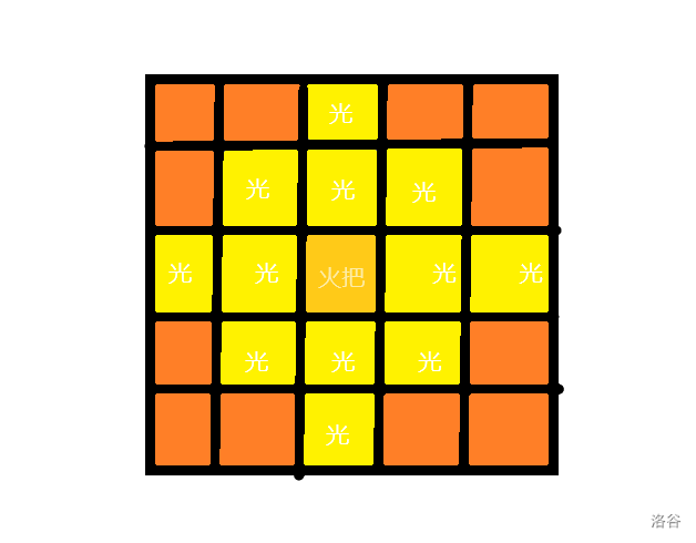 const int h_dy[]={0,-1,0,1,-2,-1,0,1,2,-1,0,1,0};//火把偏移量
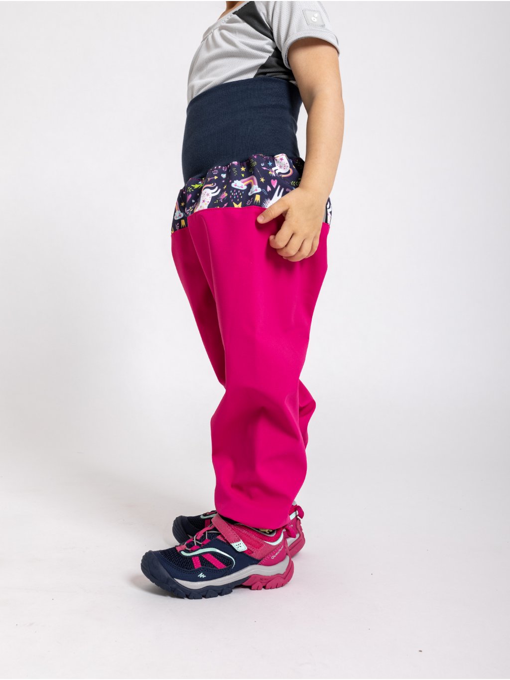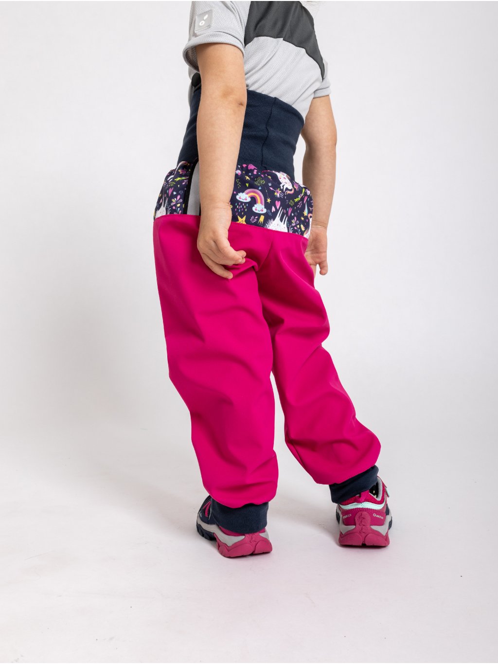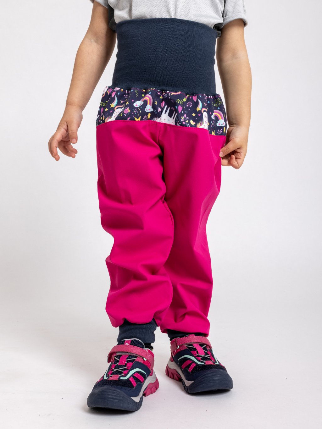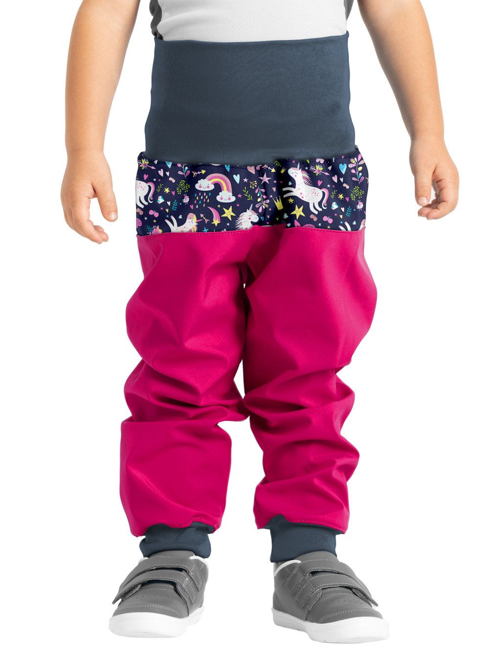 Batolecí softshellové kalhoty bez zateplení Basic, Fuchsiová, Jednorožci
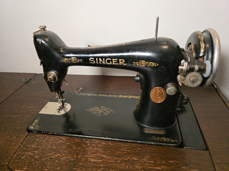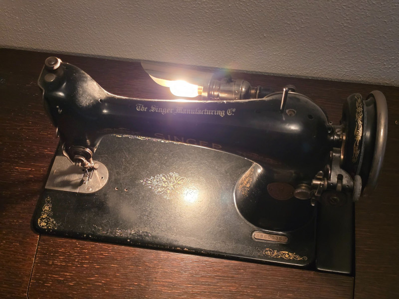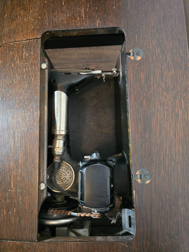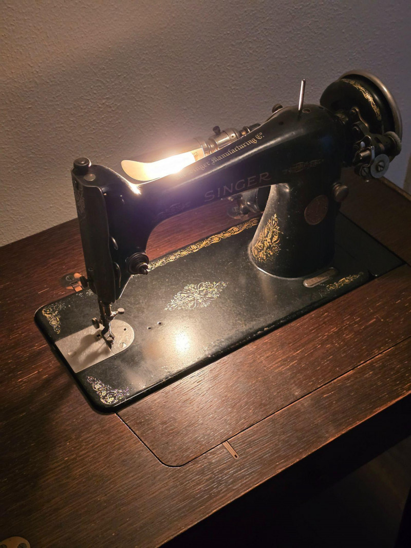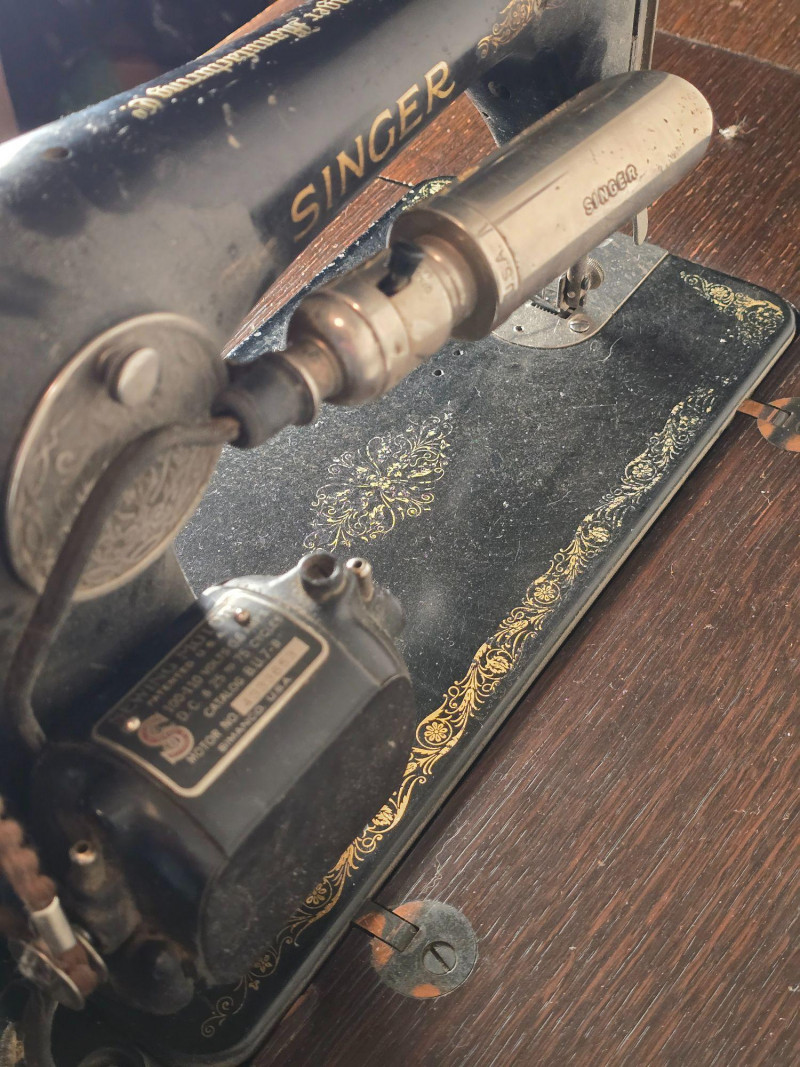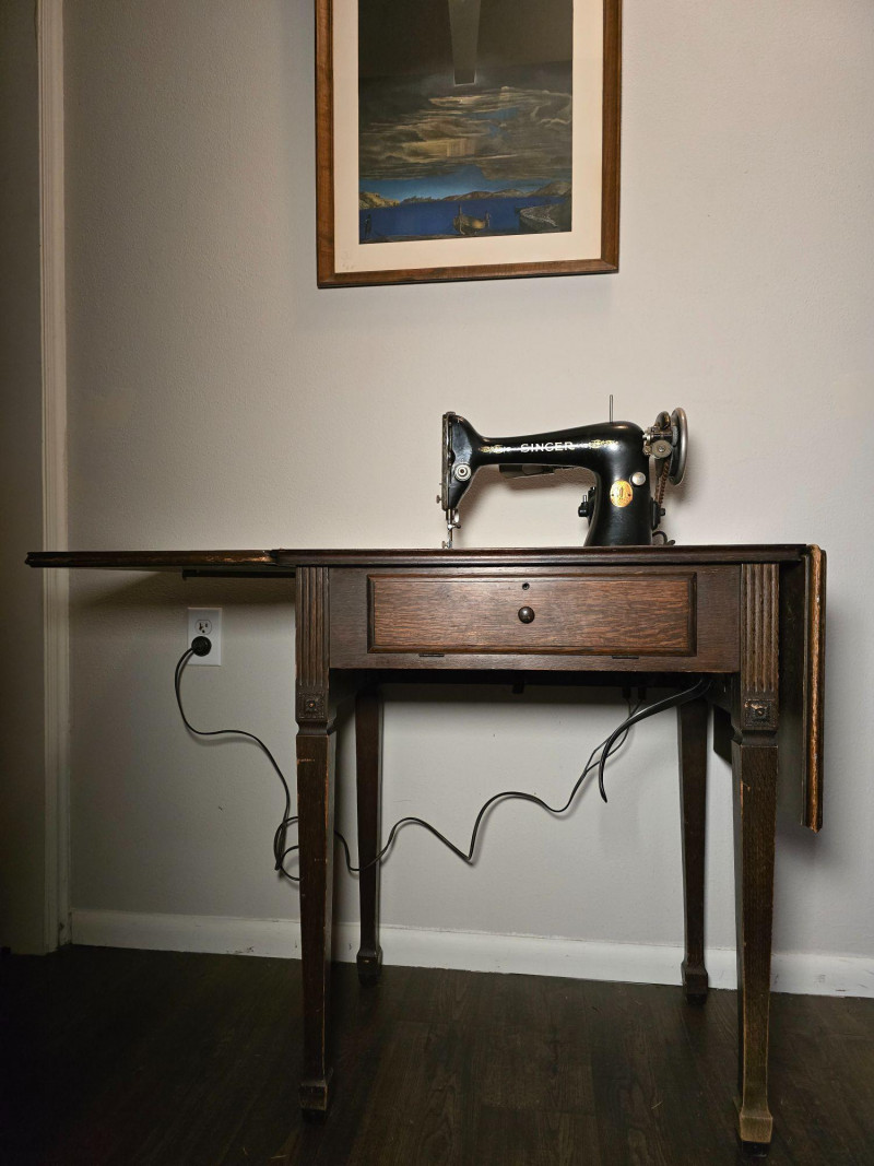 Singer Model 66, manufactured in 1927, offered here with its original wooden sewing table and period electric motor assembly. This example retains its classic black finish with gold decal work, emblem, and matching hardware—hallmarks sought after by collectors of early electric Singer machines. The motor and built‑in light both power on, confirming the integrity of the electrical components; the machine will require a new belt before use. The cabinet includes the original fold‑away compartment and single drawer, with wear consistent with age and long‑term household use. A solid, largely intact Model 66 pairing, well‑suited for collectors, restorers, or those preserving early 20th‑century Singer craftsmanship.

### [DESCRIPTION OF THE TASK]
Restate the listing word for word, pictures excluded.

### [YOUR SOLUTION]
 const int h_dy[]={0,-1,0,1,-2,-1,0,1,2,-1,0,1,0};//火把偏移量
 Batolecí softshellové kalhoty bez zateplení Basic, Fuchsiová, Jednorožci
 Singer Model 66, manufactured in 1927, offered here with its original wooden sewing table and period electric motor assembly. This example retains its classic black finish with gold decal work, emblem, and matching hardware—hallmarks sought after by collectors of early electric Singer machines. The motor and built‑in light both power on, confirming the integrity of the electrical components; the machine will require a new belt before use. The cabinet includes the original fold‑away compartment and single drawer, with wear consistent with age and long‑term household use. A solid, largely intact Model 66 pairing, well‑suited for collectors, restorers, or those preserving early 20th‑century Singer craftsmanship.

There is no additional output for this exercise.